Heads turned as I made my way through the room, the uninvited guest and attired as such. Every eye was upon me, including those of the managers. I had no business with them tonight—tomorrow morning, or maybe even later that very night, they would find the manuscript I had left in their office along with a note telling them in no uncertain terms to begin rehearsing for the production of my opera or face the consequences. No, they weren't the reason I was there. I was there for her. Desperate to see her after half a year's total absence, to torture myself watching her with him, and to punish her for her inconstancy, reminding her that while I had left her alone these past six months, I wouldn't allow her to forget me.
And finally, there she was, white-faced and shocked when she saw me. Her hand flew to the ring on its chain; why? To draw comfort from the thought of her fiancé, though he was nowhere in sight? Or to hide it from my eyes? Why was that? Was she afraid I might just lunge forward and tear it from her neck, or was she ashamed of yet another deception, yet another dagger plunged into my heart?
She needn't have worried. I had no intention of coming near her, not when I understood the power one glance held. I stood filling my eyes with her, and she was frozen to the spot, unable to move and unable to look away. She still hid that ring, but she couldn't not look me in the eye.

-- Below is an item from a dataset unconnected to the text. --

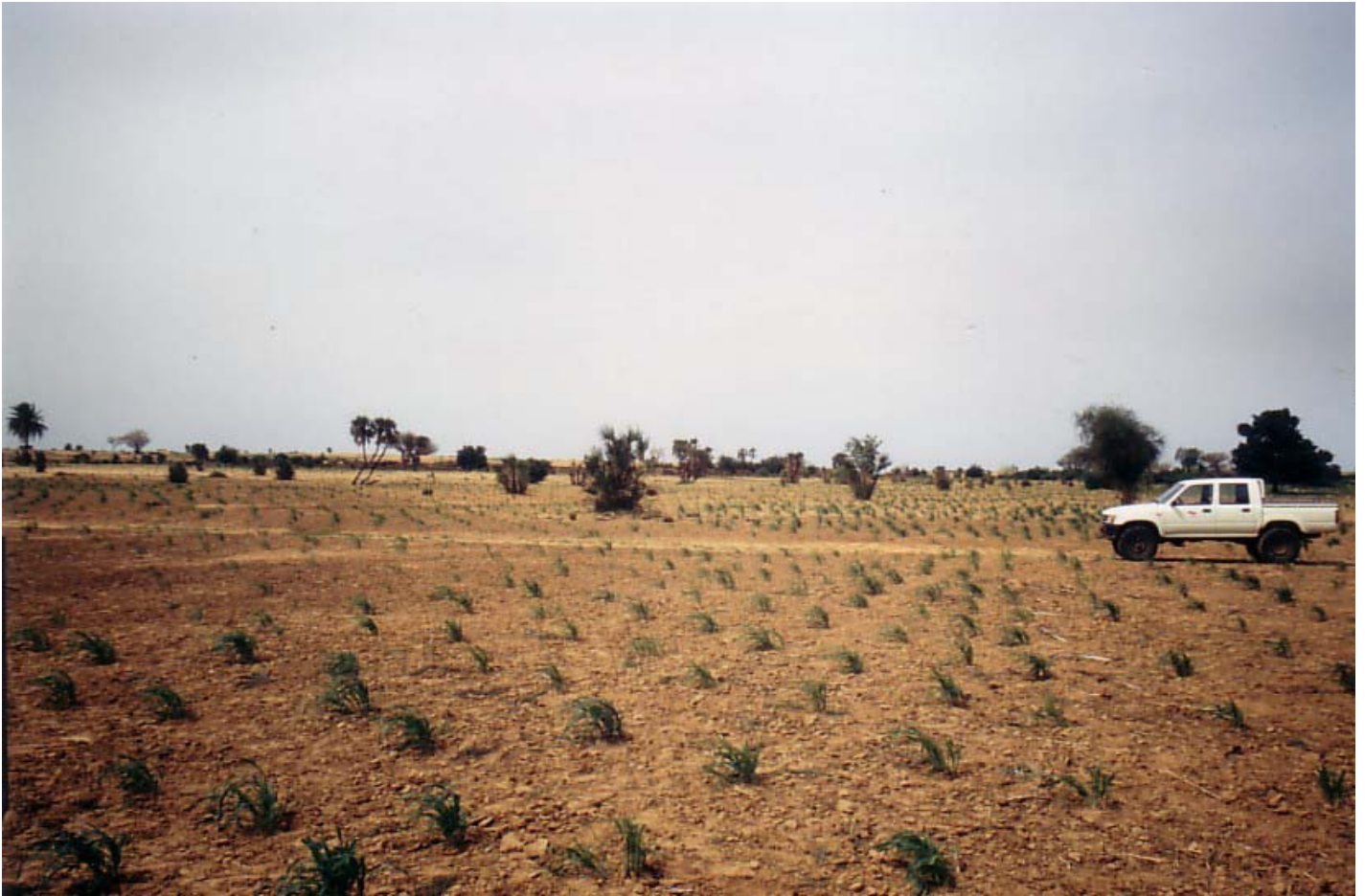
Abb. 5: Aspekt der Landschaftseinheit D 2

Diese Standorte sind für die Beweidung bevorzugt. Aspekt der Landschaftseinheit TS siehe Abb. 7.

The boy appeared again and spoke to her, but she paid him no mind and just kept staring. He followed the path of her gaze and gave a start when he saw me. The other partygoers wouldn't think twice about a man looking as I did at a costume ball, but he had been there at the Perros graveyard, and he knew the face he saw was the face I bore. I had to give him marks for courage; he didn't turn away or give any sign of fright. On the contrary, he started forward as if to approach me—but you wouldn't let him, would you? She seized him and held him back as if he was walking into the arms of the Devil himself.
I'd seen enough and done what I'd set out to do. The boy was threatened by my presence and she was properly shaken. But the sight of her doing so much to keep him away from me, to protect him as though she feared demons, no longer concerned with keeping the ring out of my sight, enraged me, and if I remained there any longer there would be hell to pay.
Jealousy is as powerful as any narcotic, you see, and when it consumes you so utterly, it can make you lose your mind...it can make you do things you'd never believed yourself capable of.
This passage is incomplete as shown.